4.1. Mechanical Lysis

Mechanical lysis in microfluidics involves physically disrupting the cell membrane using shear or frictional forces and compressive stresses. Berasaluce et al. [50] developed a miniaturized bead beating based method to lyse large cell volumes. Zirconium/silica beads were placed inside a cell lysis chamber along with a permanent magnet and actuation of an external magnetic field caused the motion of the beads inside the chamber. Figure 7 shows the various components and device assembled for cell lysis. Staphylococcus epidermidis cells were used in this study and they studied the effect of bead size, volume, flow rate and surfactant (Tween-20) on lysing efficiency. They found the optimum parameters achieved a 43% higher yield efficiency at a flow rate of 60 μL/min compared to off chip bead beating system.

Miniaturized bead beading cell lysis system: (a) various components: (1) inlet (2) outlet (3) stirring magnet (4) zirconia/silica beads (5) bead weir (6) rotating magnet and (7) electric motor coupling and (b) image of the device for lysis. Reproduced with permission from [50].

Pham et al. [51] have recently used nanotechnology to fabricate black silicon nano pillars to lyse erythrocytes in about 3 min. They fabricated these nanopillar with

12 nm tip diameter and 600 nm tall on silicon substrate using reactive ion etching technology. The authors showed that the interaction of erythrocytes cultured on nanopillar arrays causes stress induced cell deformation, rupture and lysis in about 3 min. Figure 8 shows the interaction of erythrocytes with the nanostructures.

Cell lysis using nano pillars: (a,b) top and side view of the cells interacting with the nanopillars and (c) confocal laser scanning microscopy pictures of intact, deformed and ruptured cells. Reproduced with permission from [51].

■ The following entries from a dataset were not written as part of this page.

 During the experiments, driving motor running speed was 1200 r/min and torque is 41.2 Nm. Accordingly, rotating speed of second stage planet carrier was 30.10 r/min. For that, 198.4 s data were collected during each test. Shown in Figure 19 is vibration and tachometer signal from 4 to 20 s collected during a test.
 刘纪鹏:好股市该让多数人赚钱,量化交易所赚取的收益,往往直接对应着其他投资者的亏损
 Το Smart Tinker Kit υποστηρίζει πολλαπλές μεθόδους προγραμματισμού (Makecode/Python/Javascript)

Mechanical lysis has been demonstrated by using nano-scale barb [52]. When cells are forced through small opening, high shear forces cause rupture of the cell membrane. Similar principle has been used here where “nanoknives” were fabricated in the wall of microchannels by using modified deep reactive ion etching (DRIE). Distance between these sharp edges was 0.35 μm and width of the channel was 3 μm. The lysis section of this device consisted of an array of these “nanoknives” patterned on a microchannel as shown in Figure 9 b. Human promyelocytic leukemia cells (HL-60) were used to pass through this section at sufficient velocity. The addition of this “nanoknives” pattern increased the amount of lysis. This device was used to extract protein from inside the cell. It has been estimated that as much as 99% of the cell was lysed but, only 6% protein was released.

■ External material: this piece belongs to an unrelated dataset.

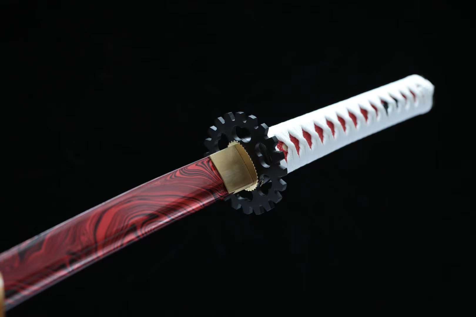 Garde (Tsuba 鍔) : La tsuba en fer, en forme d'engrenage, apporte une touche industrielle à ce design par ailleurs traditionnel, évoquant le mouvement et la puissance. Sa finition noire brillante contraste magnifiquement avec le rouge flamboyant de la lame.

Mechanical lysis using nanoscale barbs: (a) microfluidic device showing different inlets and outlet channels (b) schematic of the barbs (c) deep reactive ion etching (DRIE) fabricated nano-knives (d) magnified image of nano-knives patterned using DRIE technique and (e) dimensions of the nano-knives used for cell lysis. Reproduced with permission from [52].

Alternatively, mechanical impingement through collision has also been used to lyse in the microscale [53,54,55]. Cells were suspended in solution with glass beads and placed on the microfluidic compact disc (CD) device, which was then set to rotate at a very high velocity. The centrifugal force generated by the rotation, causes collision and friction between cells and beads, which results in cell lysis. Various kinds of cells including mammalian, bacteria and yeast have been lysed using this technique.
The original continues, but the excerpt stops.